The above chart shows the average number of vaccinations for each 7-day period since the beginning of the vaccination program. As you can see in the last 7 days the daily average number of vaccinations has dropped slightly compared to the previous week. This is most likely due to a slight delay and reduction in volume of doses coming from Moderna.

The good news is that BC will be receiving 276k doses of Pfizer vaccine every week this month, not including additional increased doses from Moderna as well! This means that our average daily vaccination numbers should surpass 40k soon.

We are still on course for every 18+ person in BC to receive at least one dose of vaccine by July 1st. In fact, BC Public Health is now expecting to complete this process well before July 1st, according to today’s public briefing.

Vaccination Roll-out Update

All people 18 and over are now able to register to be vaccinated. If you haven’t done this yet, please do as soon as possible! Details on when 16 and 17 year olds may be able are said to be in the works.

At this time BC has used almost all of its AstraZeneca doses, and there is no concrete timeline for when more may be arriving. Health Canada has confirmed that they are working on sourcing additional doses, however. While there are currently no plans for mixing vaccine doses, Dr. Bonnie Henry confirmed that she and experts at Health Canada are watching “mix and match” studies being done out of the UK, to see if any benefits can be found.

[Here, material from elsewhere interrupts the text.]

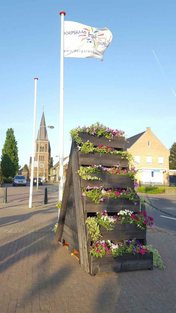 Vrijdagavond was het dan eindelijk zo ver. Op initiatief van de Dorpsraad Ospel is er dan toch een opfleuring van de Ospelse dorpskern in zicht. De eerste plantentoren van 1,90 meter hoog, is geplaatst op het Aerthijsplein. Bij de juiste weersomstandigheden en onderhoud, ontwikkeld deze toren zich tot een ware bloemenpracht.

Canada currently has a small amount of Johnson & Johnson vaccine doses on hand, which NACI today confirmed they recommend for use on people aged 30 or older. But at this time these doses are on hold pending quality assurance testing, and an ongoing investigation by the US FDA into a facility that produced one of the key ingredients of the vaccine. The doses will not be released for use until it has been confirmed there are no issues with them.

That’s all for now, stay safe everyone!